La voluntad de Dios se da a conocer por las obras de la creación, y por las conciencias de los hombres, pero más claramente por Moisés y los profetas. La dificultad principal es lograr que los hombres atiendan la instrucción. Sin embargo, atender las palabras de Cristo guiará al más ignorante al conocimiento salvífico de la verdad. Donde hay un corazón entendido y voluntad para recibir la verdad en amor, se valora la sabiduría más que la plata y el oro.

Aquí la sabiduría es Cristo en quien están todos los tesoros de la sabiduría y del conocimiento; es Cristo en la palabra y Cristo en el corazón; no sólo se trata que Cristo sea revelado a nosotros sino que Cristo sea revelado en nosotros. Toda prudencia y destreza son del Señor. A través de la redención por la preciosa sangre de Cristo abundan las riquezas de su gracia en toda sabiduría y prudencia. El hombre encontró muchas invenciones para su ruina; Dios encontró uno para nuestra recuperación. Él aborrece el orgullo y la arrogancia, los malos caminos y la conversación pervertida; estos hacen que los hombres no quieran oír sus instrucciones santas, vivificadoras y humildes. La religión verdadera da a los hombres el mejor consejo en todos los casos difíciles, y les ayuda a simplificar su camino. Su sabiduría hace verdaderamente felices a todos los que la reciben en el amor de Cristo Jesús. Buscadlo a Él temprano, buscadlo fervorosamente, buscadlo antes de cualquier otra cosa. Cristo nunca dijo busca en vano. Los que aman a Cristo son los que han visto su cualidad de ser amado y han tenido su amor derramado en sus corazones; por tanto, son bienaventurados. Serán bienaventurados en este mundo o, en aquel que supera toda comparación. La riqueza obtenida por vanidad pronto disminuirá, pero la que es bien obtenida durará mucho; y la que se gasta bien en obras de piedad y caridad, será perdurable. Si no tienen riquezas ni honor en este mundo, tendrán lo que es infinitamente mejor. Serán dichosos en la gracia de Dios. Cristo, por su Espíritu, guía a los creyentes a toda la verdad y, así, los guía en el camino de la justicia, y ellos andan conforme al Espíritu. También serán dichosos en la gloria de Dios, en el más allá.
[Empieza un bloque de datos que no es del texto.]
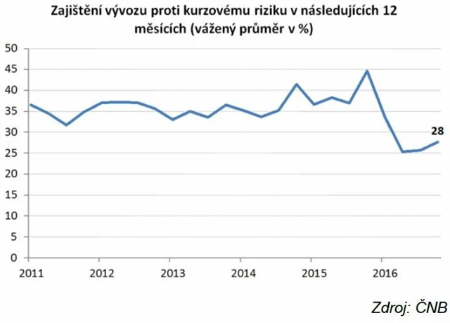 Jiná otázka je, co by se stalo, pokud by ČNB skutečně závazek ukončila dříve. ČNB totiž (poněkud nesprávně) říká, že podnikům nabízí zajištění zadarmo minimálně do konce prvního čtvrtletí. A firmy na to slyší a jsou podprůměrně zajištěné proti kurzovému riziku (na konci roku 2016 pouze 28 % exportujících společností). Porušení slibu by spustilo podobný "lynč" ze strany podniků, médií a politiků, jaký nastal v listopadu 2013 po zavedení kurzového závazku.
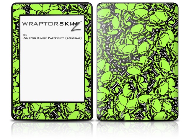 Scattered Skulls Neon Green - Decal Style Skin fits Amazon Kindle Paperwhite (Original)
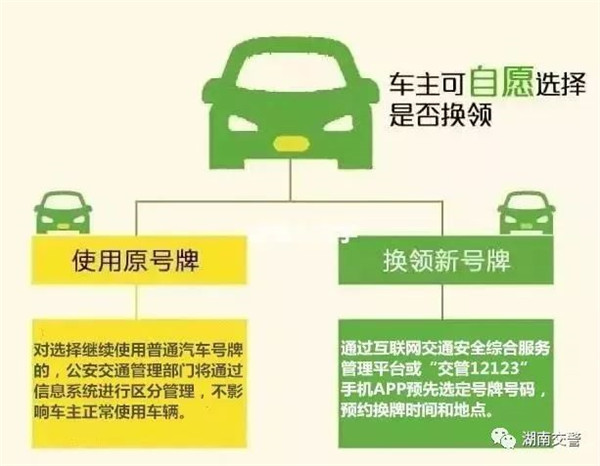已经领取普通汽车号牌的新能源汽车,车主可自愿换领新能汽车号牌,也可继续使用原普通汽车号牌。但是,原普通汽车号牌丢失或损坏的,公安交通管理部门将予换发新能源汽车专用号牌。对选择继续使用普通汽车号牌的,公安交通管理部门将通过信息系统进行区分管理,不影响车主享受新能源汽车交通管理优惠政策。
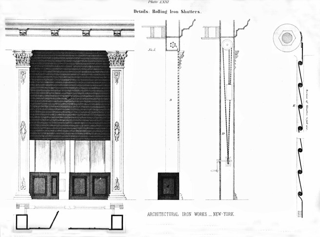Great sums of time and money were spent on the development of fireproof floor systems and enclosures such as iron shutters for windows (note the conflict in their function: “you must open your shutters when you want light.”) The shutters typically consisted of double sheets of iron separated by an insulating air space that were secured inside of the window frame to iron fames built into the brick work.
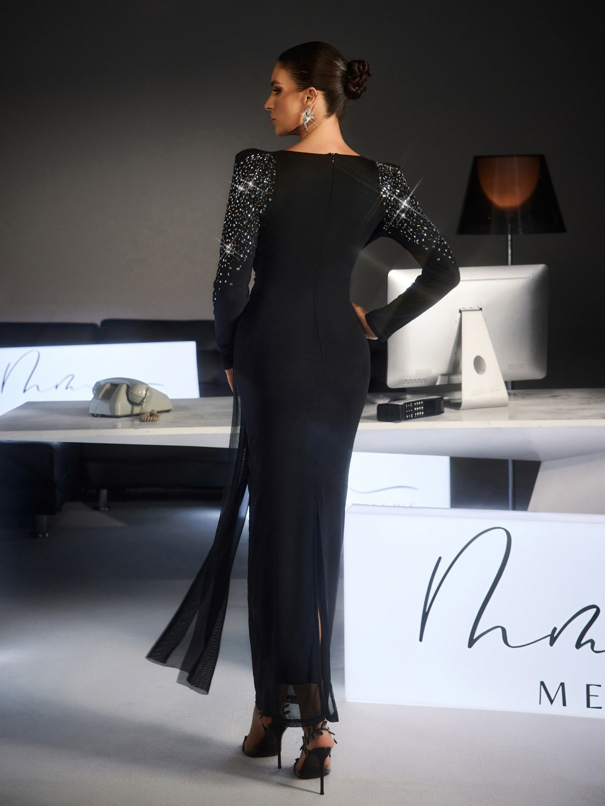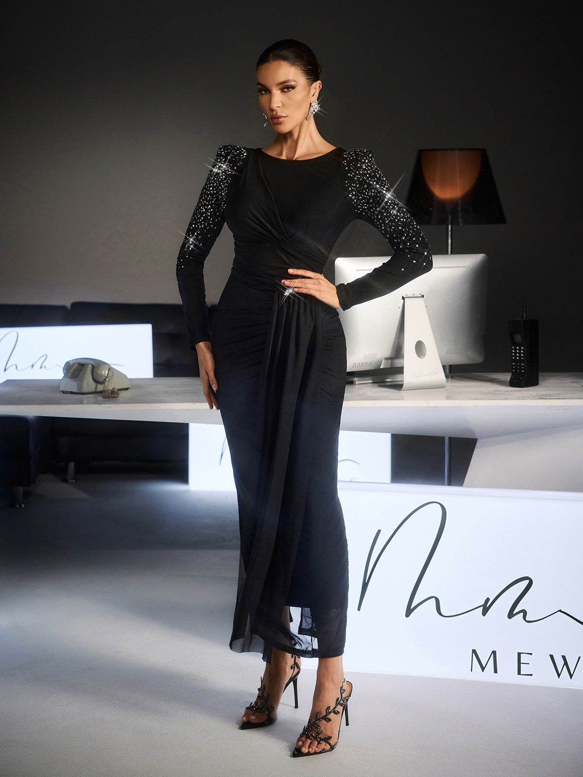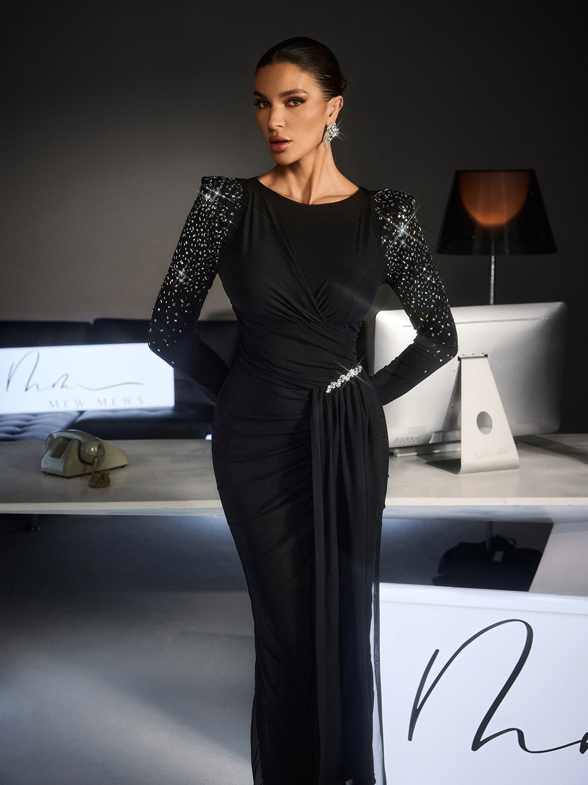 Embrace elegance with the Fianna Long Sleeve Ruched Rhinestone Maxi Dress. a captivating piece designed for those who refuse to compromise on style. Featuring strategically placed ruching that flatters your figure and shimmering rhinestone details that radiate sophistication. this dress transforms any moment into something memorable. The flowing maxi length and long sleeves create a graceful. refined silhouette perfect for galas. weddings. or upscale events. Premium fabric construction ensures you'll feel as beautiful as you look. with comfortable wear throughout the evening. The combination of textured ruching and sparkling embellishments delivers a dynamic. eye-catching aesthetic that sets you apart. Invest in a dress that celebrates your individuality and elevates your special occasions.
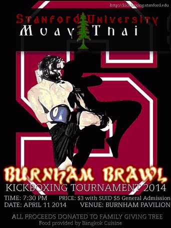 Most likely, No. It's a no answer only because as of this posting, none of those involved (So far) are registered as licensed fighters, trainers or officials with the California State Athletic Commission or the IKF. This past Friday, April 11th, Stanford Muay Thai hosted an Amateur Muay Thai event at Burnham Pavilion on Stanford University called "Burnham Brawl". So far so good... Until someone found out the event was actually scheduled as an Illegal unsanctioned event. According to their Facebook Page, this was Stanford Muay Thai's 8th annual kickbooxing tournament, featuring their own club fighters as well as special presentations and performances. Food was to be provided by Bangkok Cuisine and they were also advertising free beer... There are clips of past "Burnham Brawl's on their
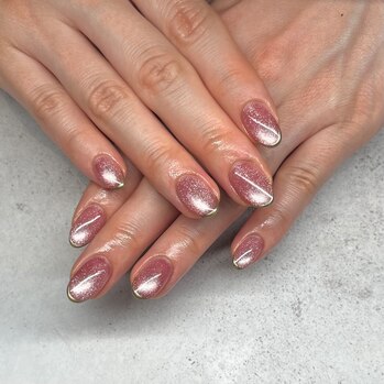 きらきらマグネットにヴィンテージゴールドのメタルジェルがアクセントの細フレンチ◎
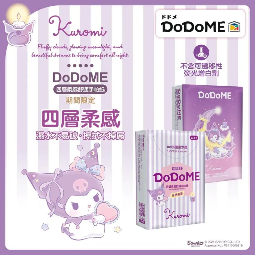 DE64 DoDoME 四層柔感舒適手帕紙 7p*12 - Kuromi期間限定(一套5條) $40@1套, $75@2套
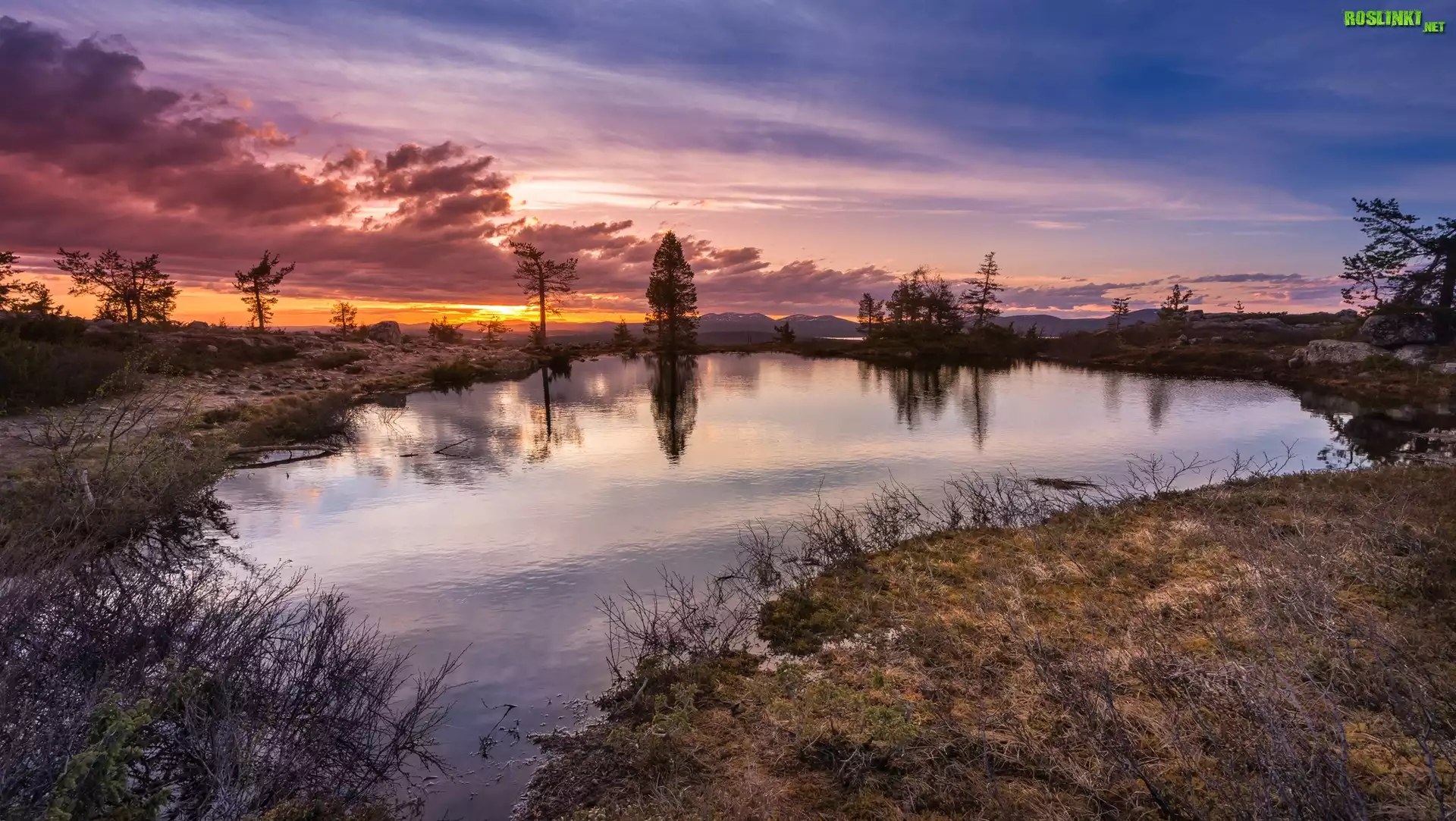 Finlandia, Gmina Muonio, Park Narodowy Pallas-Yllästunturi, Wzgórze Särkitunturi, Jezioro, Drzewa, Trawa |
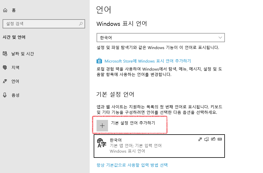 <기본 설정 언어 추가하기> 메뉴가 보일 겁니다.
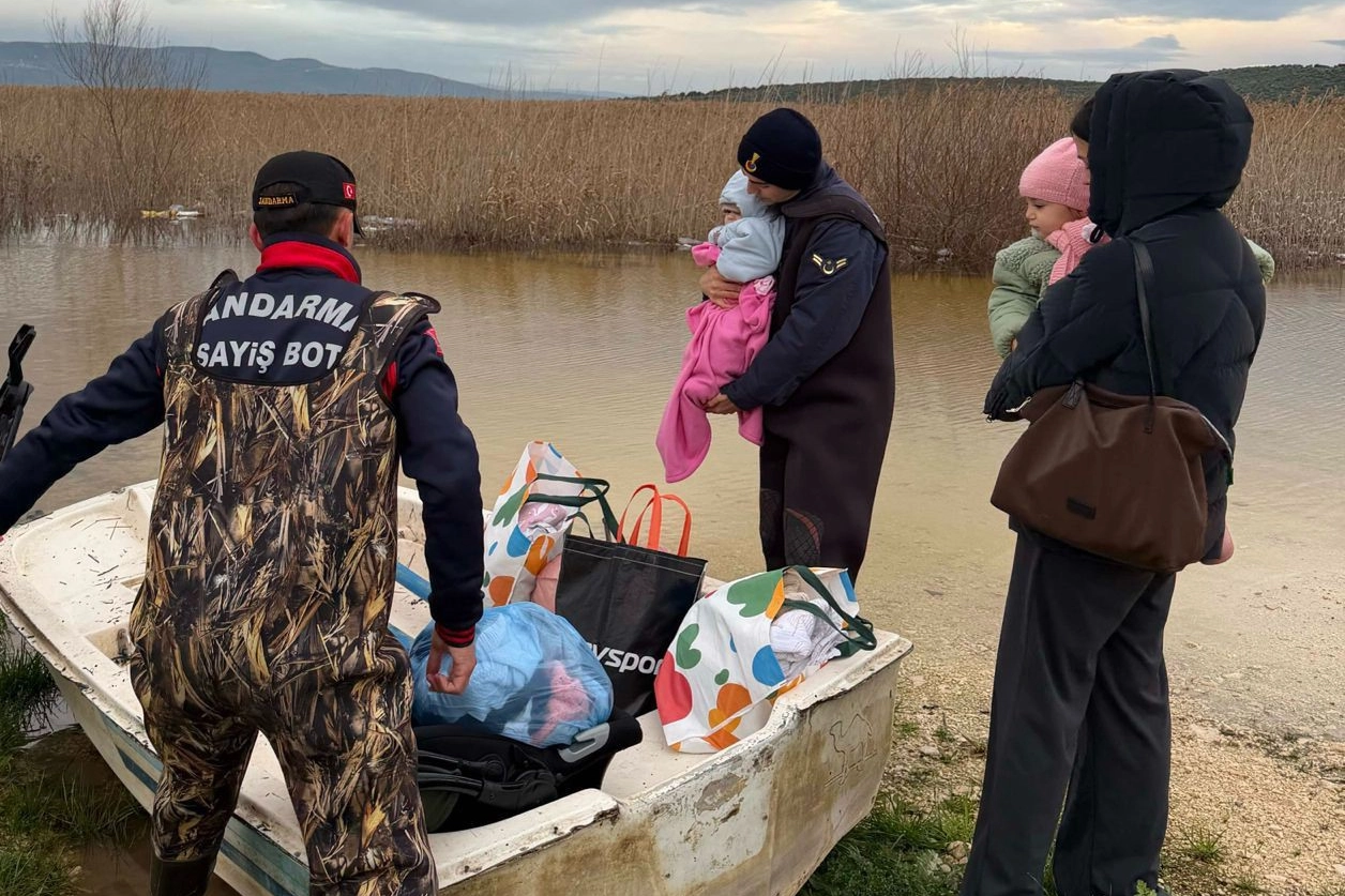 Bursa Uluabat Gölü'nde mahsur kalan aileyi jandarma kurtardı
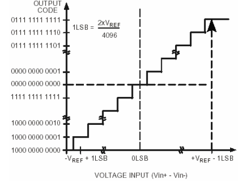 В полностью дифференциальном режиме амплитуда дифференциального сигнала представляет собой разность между величинами сигналов на входах VIN+ и VIN– (то есть VIN+ – VIN–). Максимальный размах дифференциального сигнала таким образом составляет величину от –VREF до + VREF (то есть 2·VREF). Это без учета синфазного сигнала (common mode, CM). Синфазный сигнал является средним двух сигналов, т.е. (VIN+ + VIN–)/2 и таким образом синфазный сигнал – это уровень, относительно которого изменяются два входных сигнала. Поэтому пределы изменения сигнала на каждом входе определяются величиной CM ± VREF/2. Синфазное напряжение устанавливается с помощью внешних цепей и его диапазон зависит от величины VREF. В полностью дифференциальном режиме аналоговый сигнал преобразуется в дополнительный цифровой код с величиной 1 LSB = 2·VREF/4096 или 2·2,5 V/4096 =1,22 мВ при VREF = 2,5 В. В идеале характеристика преобразования проходит через точки 1/2 LSB, 3/2LSBs, 5/2LSBs, ..., FS–3/2 LSB. Идеальная характеристика преобразования показана на рисунке 13.
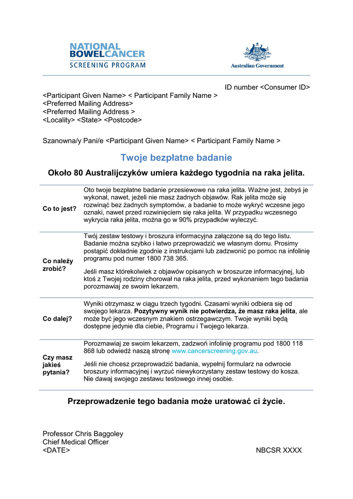 ID number <Consumer ID> <Participant Given Name> < Participant Family Name > <Preferred Mailing Address> <Preferred Mailing Address > <Locality> <State> <Postcode> Szanowna/y Pani/e <Participant Given Name> < Participant Family Name > Twoje bezpłatne badanie Około 80 Australijczyków umiera każdego tygodnia na raka jelita. Co to jest? Co należy zrobić? Co dalej? Czy masz jakieś pytania? Oto twoje bezpłatne badanie przesiewowe na raka jelita. Ważne jest, żebyś je wykonał, nawet, jeżeli nie masz żadnych objawów. Rak jelita może się rozwinąć bez żadnych symptomów, a badanie to może wykryć wczesne jego oznaki, nawet przed rozwinięciem się raka jelita. W przypadku wczesnego wykrycia raka jelita, można go w 90% przypadków wyleczyć. Twój zestaw testowy i broszura informacyjna załączone są do tego listu. Badanie można szybko i łatwo przeprowadzić we własnym domu. Prosimy postąpić dokładnie zgodnie z instrukcjami lub zadzwonić po pomoc na infolinię programu pod numer 1800 738 365. Jeśli masz którekolwiek z objawów opisanych w broszurze informacyjnej, lub ktoś z Twojej rodziny chorował na raka jelita, przed wykonaniem tego badania porozmawiaj ze swoim lekarzem. Wyniki otrzymasz w ciągu trzech tygodni. Czasami wyniki odbiera się od swojego lekarza. Pozytywny wynik nie potwierdza, że masz raka jelita, ale może być jego wczesnym znakiem ostrzegawczym. Twoje wyniki będą dostępne jedynie dla ciebie, Programu i Twojego lekarza. Porozmawiaj ze swoim lekarzem, zadzwoń infolinię programu pod 1800 118 868 lub odwiedź naszą stronę www.cancerscreening.gov.au. Jeśli nie chcesz przeprowadzić badania, wypełnij formularz na odwrocie broszury informacyjnej i wyrzuć niewykorzystany zestaw testowy do kosza. Nie dawaj swojego zestawu testowego innej osobie. Przeprowadzenie tego badania może uratować ci życie. Professor Chris Baggoley Chief Medical Officer <DATE> NBCSR XXXX
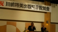 待ちに待った「すい臓がんステージⅣから還ってきた男」が出版された。今日はその出版記念祝賀会。筆者の川嶋勝美さんは、この日がちょうど70才のお誕生日。200人の出席者を前にユーモアを交えて当時の心境を語り、「趣味の釣りで、竜飛沖で102㌔の本マグロを釣った。船上で捌いてマグロの内臓を大量に取って捨てた。その1ヶ月半後に倒れた。今度は私が内臓を6ケ所も手術でゴロゴロッと取られた。がらんどうになっちゃった。マグロの恨み!?」軽妙な語り口に笑い声が起こったが、今でこそである。”余命7ヶ月”の宣告からの11年間の闘病のありさまは想像もできない。だから、この本がある。巻末の”「がんで死なない」「がんにならない」ための60か条”は川嶋さんからの心からのメッセージだ。私の友人もすい臓がんで余命宣告を受けている。明日はこの本を病床に届けよう。

En las promesas de la Sabiduría, los creyentes tienen bienes atesorados, no para días y años, sino para la eternidad; por tanto, su fruto es mejor que el oro.

»Yo soy la sabiduría, y mi compañera es la experiencia; siempre pienso antes de actuar. Los que obedecen a Dios aborrecen la maldad. Yo aborrezco a la gente que es orgullosa y presumida, que nunca dice la verdad ni vive como es debido. Yo tengo en mi poder el consejo y el buen juicio, el valor y el entendimiento. Yo hago que actúen con justicia reyes, príncipes y gobernantes. Yo amo a los que me aman, y me dejo encontrar por todos los que me buscan. Mis compañeras son la riqueza, el honor, la abundancia y la justicia. Lo que tengo para ofrecer vale más que el oro y la plata. Siempre actúo con justicia, y lleno de riquezas a todos los que me aman.

Proverbios 8:12-21

El Hijo de Dios declara que Él mismo participó en la creación del mundo. ¡Cuán capaz, cuán apto es el Hijo de Dios para ser el Salvador del mundo, si fue el Creador de éste! El Hijo de Dios fue ordenado para esa gran obra antes de la fundación del mundo.

 ¿Se deleita en salvar a los pecadores miserables, 

y nosotros no nos deleitaremos en su salvación?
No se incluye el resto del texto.